You are to simulate, by hand, the operation of the WRR scheduler, starting at real time slot 1 and virtual time 0, and stopping when virtual time reaches 400. Real time advances in time slots; one time slot is the time it takes the sceduler to serve (transmit) one segment. For each (real) time slot of your simulation interval, list the following:

• the time slot number;
(sequentially counting 1, 2, 3,...).
• the segment being served (transmitted) during that time slot;
Just prior to time slot 1, the next-service-time of both flows A and B was 0. When multiple flows have identical next-service-time's, give priority to A over the others, or to B over C; thus, during time slot 1, packet a1-3 starts being served, so the segment being served is a1.1. The server always serves entire packets, never interleaving their segments with segments of other packets, so once packet a1-3 has started being served, we will continue by serving segment a1.2 in time slot 2, and segment a1.3 in time slot 3; after that, the scheduler needs to choose the next flow to be served.

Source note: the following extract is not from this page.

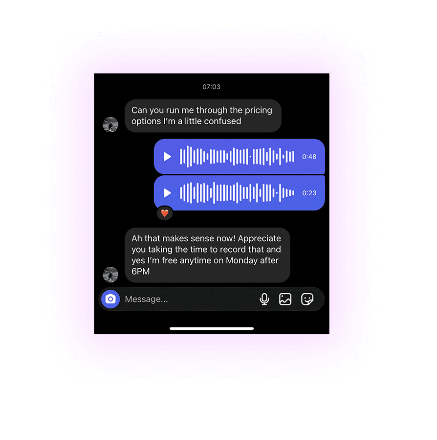 Audience AI learns everything about each potential customer—posts, highlights, even writing style—providing Nurture AI with a foundation to craft deeply engaging, personalized messages. With this insight, Nurture AI sends thousands of unique voice notes or video presentations daily, each tailored precisely to the recipient’s brand and interests
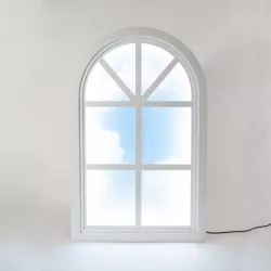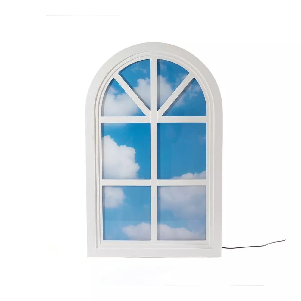 Grenier Window Lamp Seletti When someone think of a house, doors and windows become immediately apparent. Windows serve as the eyes of residences, allowing light to enter and brighten the rooms. A window presenting a scenic view of the sky is a positive and popular motif. These windows can be situated wherever desired, and there is no requirement for a builder or municipal permits. Design: Marcantonio Material: Wood / Acrylic Size: 57 h. 90 cm | 22.4'' x h.35,4'' SKU: 24001

• flow A's next_service_time at the end of this time slot;
The next_service_time of the flow being served is incremented by its service_interval during each time slot when the flow receives service. The number of time slots that it takes to serve a packet is equal to the packet size in number of segments; hence, at the end of serving the entire packet, the next_service_time of the flow will have been incremented by the flow's service_interval multiplied by the packet size, which is the desired behavior. Thus, for flow A, at the end of time slot 1 its next_service_time will be 30, at the end of time slot 2 it will be 60, and at the end of time slot 3 it will be 90.
• flow B's next_service_time at the end of this time slot;
The next_service_time of an active flow that is not being served stays constant; thus, for flow B, at the end of time slot 1 its next_service_time will still be 0, and the same will hold at the end of time slots 2 and 3.
• flow C's next_service_time at the end of this time slot;
During the first several time slots, flow C is ineligible for service (its queue is empty), and thus you may list its next_service_time as N/A (not applicable). Alternatively, given the assumption that flow C will become eligible at virtual time 200, you may list its next_service_time to be 200; this will have the effect of first serving flow C when the next_service_time's of the other flows have just reached or exceeded 200.
Stop your simulation when the next_service_time's of all flows exceed 400, and answer the following questions:
1. How long (how many real time slots) did it take for virtual time to advance from 0 to 200? "Virtual time" is the minimum of the next_service_time's of all flows. How long did it then take for virtual time to advance from 200 to 400? Why do these two real time intervals differ, even though the corresponding virtual time intervals are equal?
2. At what average rate does virtual time advance during each of the two above intervals? The desired figure is the quotient of 200 over the number of real time slots in each interval, and it is measured in "virtual time units per real time slot". How are these two rates connected to the sum of the weights of all active flows during each of the two above intervals?
3. How many segments of service did flow A receive during each of the two above intervals, and how many segments of service did flow B receive, correspondingly? Is their ratio approximately equal to the ratio of A's weight to B's weight?
4. How many segments of service did flow C receive during the second of the two above intervals? When comparing this number to the service received by A or B in the same interval, are the ratios approximately equal to the corresponding ratios of weights?